It was my body, but it was seperate from my consciousness. I was looking through my eyes but I was an impartial observer. I realized that I had gone on a shooting rampage in high school, and my life past that point had been a dream. I had these swirling ideas of about which of the three selfs (school shooter, 22 year old drug experimenter, eternal sun of knowledge) was real and which were dreams that I can't really describe, but the gist was that eternal sun was real and the other two were just... cosmic hiccups.
Things kept getting fuzzier at this point and there a sort of... babbling stream of thought which I can't describe. This kept going on until I eventually realized who I was again. I was in the bedroom. My brother had come in and was playing my Xbox. He was playing GTA. I suspect that when I hallucinated the shooting I was floating down to a high third plateau and the game was entering my visions, reinterpreting the shooting in the game. He later told me I talked to him about things that happened years ago as if they were currently going on. I remember none of this. I knew who and where I was, but I didn't understand it. There was a vague idea that someone had done drugs, and the letters "D...X...M" kept floating through my head but I didn't know what they meant. I do remember asking my brother if someone in here had done drugs and he said "Yes, you did, you freak."
I was eventually able to begin walking around, in a daze as if through a swamp. I smoked, watched tv, and came down for several hours. I shook it off completely by the end of the day, and by the next evening was laughingly telling the story of the trip over dinner."

     And after that, I still didn't stop doing it. I kept doing it every day. I can't even believe I'm typing these words, but it's true.  Highs associated with DXM arrive in plateaus. You reach the next plateau and the effects change. The highest, which I've heard called 4th plateau or plateau sigma, is sometimes rumored to be a myth. It's called a suicide mission. I thought I had reached it with that story above, but I learned that I didn't. There was a level beyond that, which I experienced later. I also credit this experience with saving my life, because it scared me so badly that I completely changed the direction of my life, and vowed to never do drugs again (I did... but one thing at a time). It is legitimately beyond description, but I can briefly say that I became a different person. I looked at myself and I was looking at a stranger. I said "Oh my god, that guy is so fucked up. What's wrong with him? I feel so sorry for him." and eventually came to realize it was me. I wrote "This is not real. This will end." on my walls. I shaved my head and moved all the way across the country.

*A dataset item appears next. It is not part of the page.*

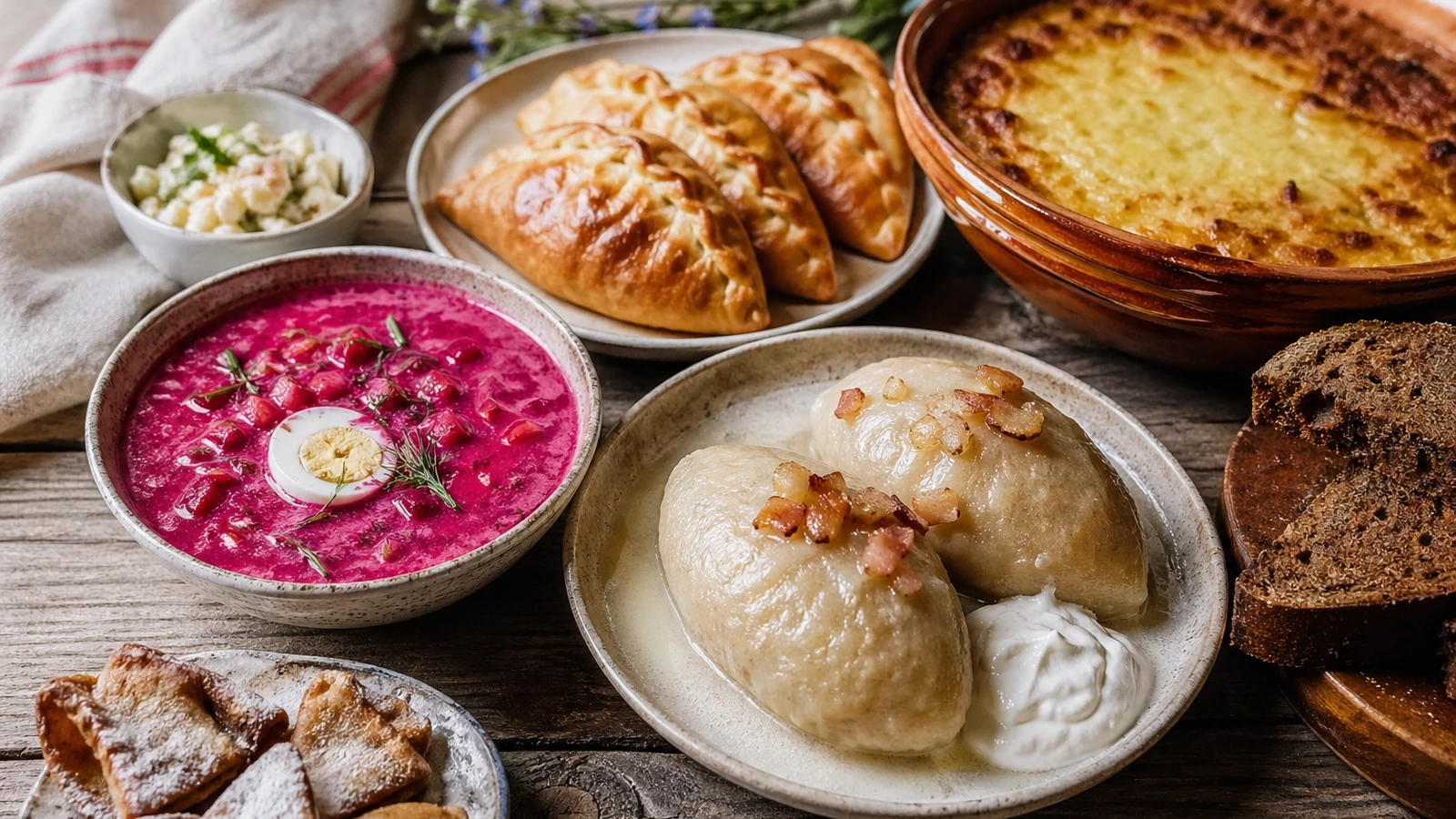 The substantial Litvak Jewish community contributed kugelis (kugel), parts of the rye-bread tradition and the Vilnius cold-fish-and-herring style. Each of the ten dishes above carries the fingerprints of one or more of these streams - and each comes with its own dedicated guide explaining where it sits in the broader story.

     And then... and then I really lost myself to drinking. I was drinking probably a fifth of either bourbon or vodka every day, already, understand, the whole time I was on DXM. It just seemed so incidental compared to what else I was doing. But if I wasn't buzzed, my body was screaming for it. I arrived in California, and unfortunately the next couple of years are just kind of a blur. I started to drink so much that my life didn't have any linear progression anymore, it just became flashes between hangovers and blackouts. Could I deny my alcoholism? I don't remember if I tried. All I knew was that any option that involved not drinking was not worth it. I can remember, among other things, being stopped by the police while walking down the sidewalk and told I was too drunk to walk. Drunk driving, I'd heard of, but I didn't know you could be too drunk to walk. I was staying with my dad at the time, and I can remember sneaking out the window in the middle of the night to buy more vodka, then falling down a hill and lying in the mud for probably an hour before I could gather myself enough to even get back in the window.
     I drove drunk every time I drove, because if I was awake, it meant I was drunk. I drank before work. I drank on my breaks at work. I threw up on the sidewalk outside work (pretty poorly managed company, I guess). Customers constantly complained that I smelled like whiskey. I would drink all of my roommates' alcohol in a blackout and have to buy them more. I always had scabs on my face and hands from constantly falling over. I would probably puke two or three times a day. Twice, I woke up thinking I was late for work, only to rush down there and realize it was 7:30 at night, not 7:30 in the morning. When I look back on it, I don't know how I subjected myself to that kind of torture for a week, much less years. But I did. I did eventually get busted for DUI. I woke up hungover with no alcohol and headed out to buy more. When I got to the store, I had drunkenly forgotten my wallet, so I had to go back home, and that was when I got pulled over. My BAC was .21 (and keep in mind, I had just woken up. I slept off a drunk and woke up at a .21). And I still didn't stop drinking.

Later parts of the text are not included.